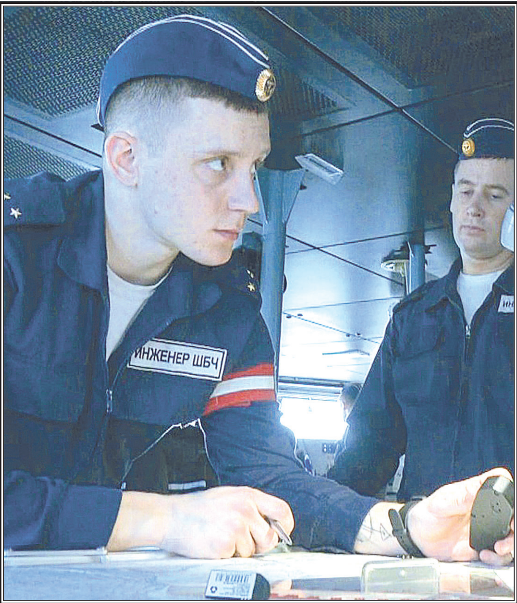
Отряд кораблей Тихоокеанского флота в составе корветов «Резкий», «Герой Российской Федерации Аладар Цыденжапов» и среднего морского танкера «Печенга» продолжает плановое выполнение поставленных задач в Азиатско-Тихоокеанском регионе.

В том числе в ходе отражения контрнаступления в направлении населенных пунктов Черкаска Конопелька и Уланок противник потерял более 200 человек. Уничтожены восемь танков, пять боевых машин пехоты, бронетранспортер и 30 боевых бронированных машин, а также три инженерные машины разграждения, мостоукладчик и другая техника.
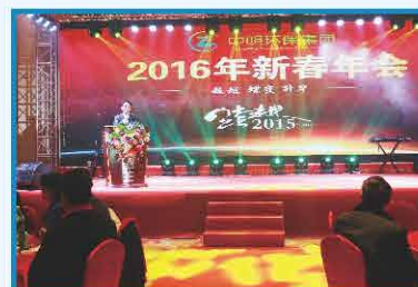
2016年1月 新春年会董事长致辞
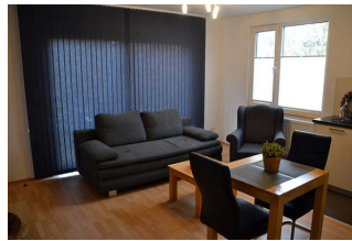
Wohnraum mit Küchenzeile
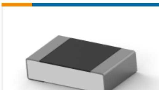
TE 产品编号9-2176374-8 RQ 0805 1K1 0.1% 10PPM 1K RL
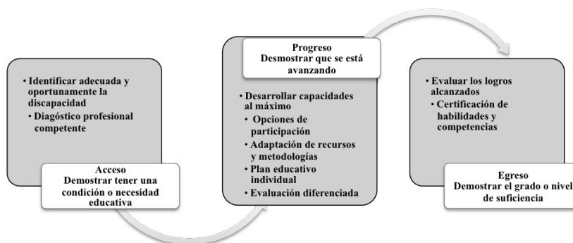
Figura 2: Cadena de recursos, actividades y resultados del proyecto

¿Cómo se cumple el objetivo de interés de la política a través de la larga, compleja y diversificada cadena de ejecución, involucrada en el proyecto de integración escolar? Los principales “recursos de las teorías” que provocan el efecto esperado por la intervención se desencadenan de la siguiente forma.
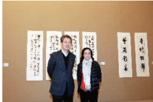
中国驻法国大使孔泉参观孙晓云展览
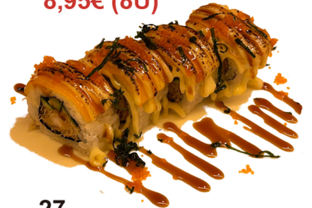
27 Uramaki de tempura de gambas, pepino y queso flameado
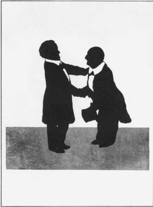
Wagner und Bruckner in Bayreuth auf einem Schattenbild von Otto Böhler.
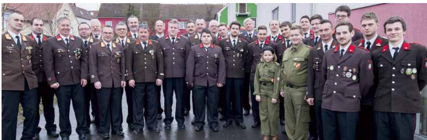
Auf dem Foto sind die Ausgezeichneten bzw. Beförderten sowie Ehrengäste zu sehen.

Die Ehrengäste würdigten in ihren Grußworten die Leistungen der Feuerwehr im abgelaufenen Jahr.
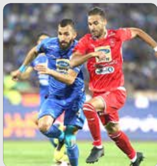
و فقط میزبانی می‌کنیم بنابراین مسئله هم پوشانی غیرممکن است.

بودجه مضاعفی را در کنار جذب بازیکن برای پرداخت بدهی‌ها کنار گذاشته باشند. تعداد شاکیانی که اعلام شده ۲۵ نفر است اما می‌دانیم تعداد آنها بیشتر از این تعداد است.
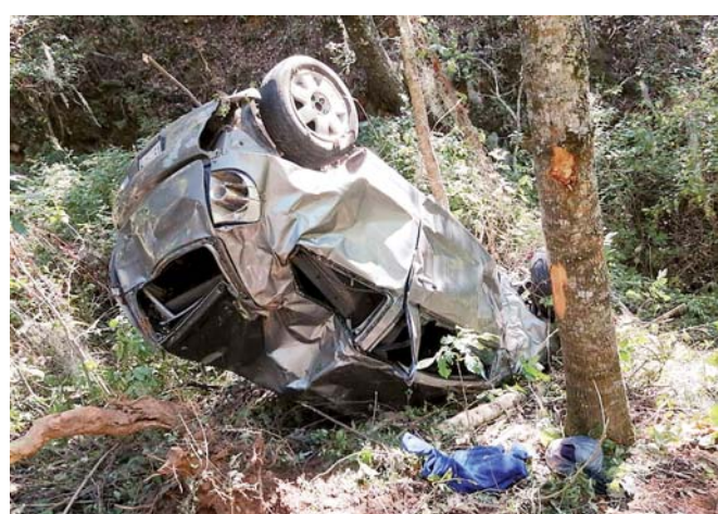
► Fueron reportados como desaparecidos el pasado 20 de enero: la última vez que fueron vistos fue en 19 de enero en Santa Lucía del Camino.

Después, se supo que los profesores no se presentaron a trabajar, ni el lunes,
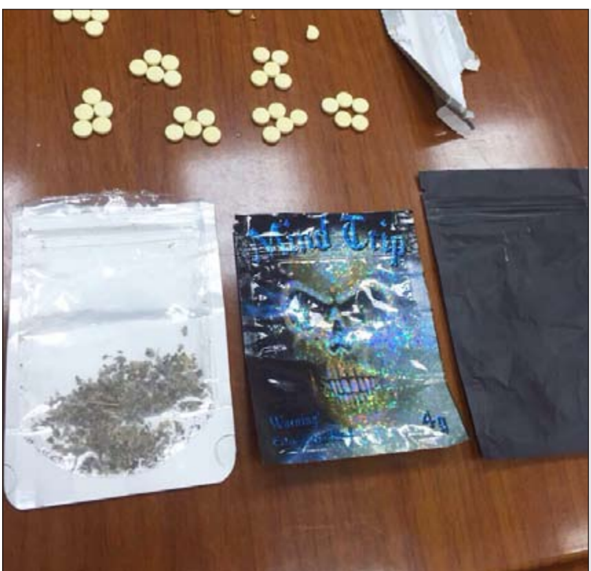
المخدرات المضبوطة بحوزة المتهمين الثلاثة

قضت محكمة الجنح المستأنفة بتأييد حكم البراءة الصادر بحق مواطن كانت طليقته قد اتهمته بضربها وسبها وتهديدها. وتتلخص الواقعة فيما ادعته طليقة المواطن بأن طليقها قام بالتعدي عليها أثناء تواجدها في مركز تنمية المجتمع في منطقة
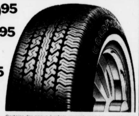
Certains des pneus à rabais ne sont pas tel que représenté

Les pneus offerts à rabais s'adaptent à la plupart des voitures. Pose comprise. Offres en vigueur jusqu'au 4 septembre 1982.
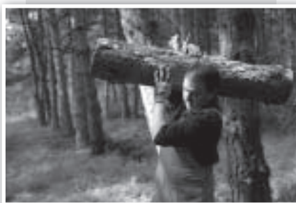
... los mozos...
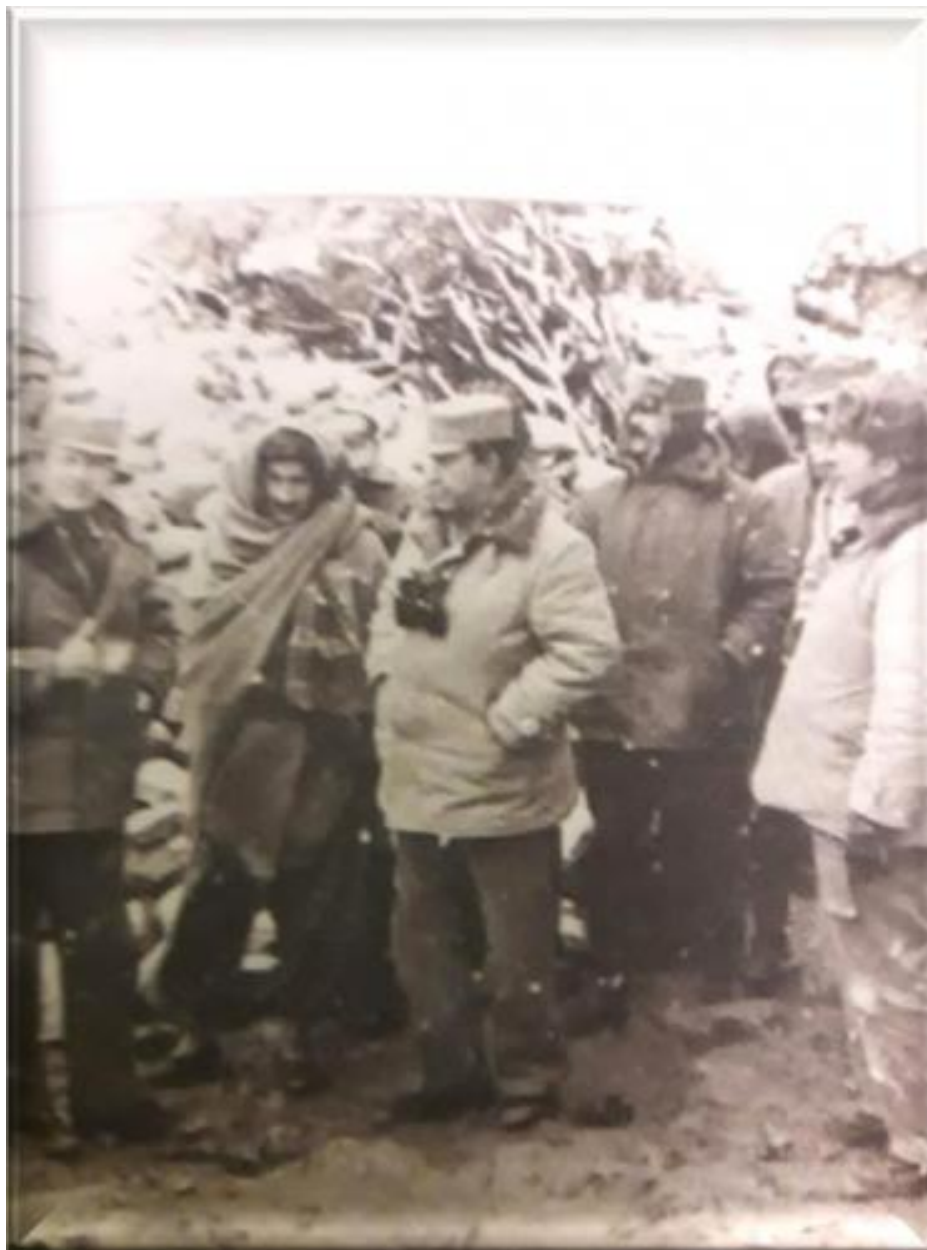
В центре генерал-лейтенант Шкруднев Д. Г., рядом в шапке полковник Тауфик Ахмат (мармольская операция 1983 г.)

между ног, там, где достоинство мужчин, две боевые гранаты, чеки которых половину были вытянуты.
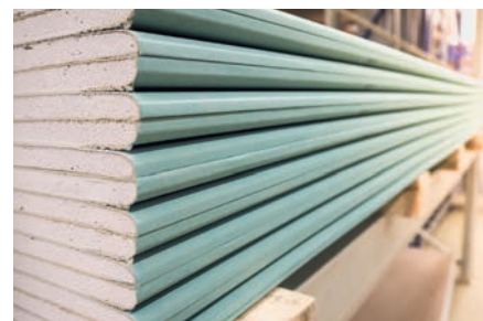
Placas de gesso e fibrocimento
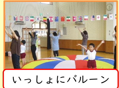
いっしょにバルーン

【保護者から】●「大勢の大人に見守られ緊張した顔をしていましたが、だんだん笑顔が見られ楽しそうな姿にほっとしました。どの競技も全力で頑張っていて、お友達にも声をかけて、さすが年長さんだと思いました。地域の方々に温かく見守っていただき、親としても嬉しかったです。ありがとうございました。●「兄にがんばったねと言ってもらい、嬉しそうでした。次のつくしんぼの会が楽しみです。●「子どもたちの成長が感じられ、家族も一緒に参加させてもらって、少人数園ならではの和気あいあいとした運動会でした。(中略) 恥ずかしがりやだったのが、みんなの皆の前でプログラムの放送もできてびっくりしました。(中略) 日々成長する姿に嬉しくもあり寂しくもあり、今回の運動会を通して、また皆がひとまわり大きくなったと思います。
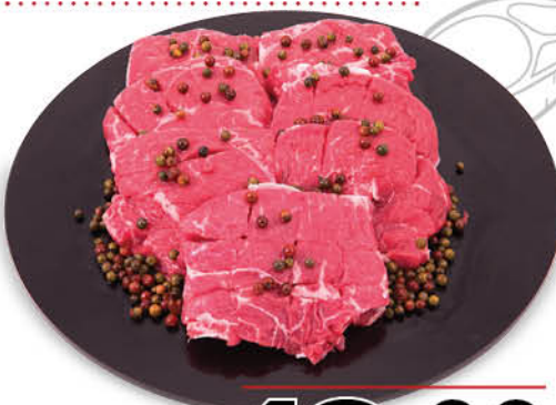
TAGLIATA DI BOVINO ADULTO
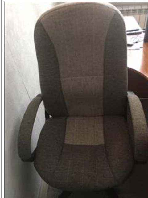
Кресло офисное Офис "Точка опоры Воронеж"

EXERCISE DESCRIPTION —
Copy nothing but the lines above from the one with "la siguiente forma." to the one with "中国驻法国大使孔泉参观孙晓云展览", inclusive, word for word. Leave every picture out.

EXERCISE RESPONSE —
¿Cómo se cumple el objetivo de interés de la política a través de la larga, compleja y diversificada cadena de ejecución, involucrada en el proyecto de integración escolar? Los principales “recursos de las teorías” que provocan el efecto esperado por la intervención se desencadenan de la siguiente forma.
中国驻法国大使孔泉参观孙晓云展览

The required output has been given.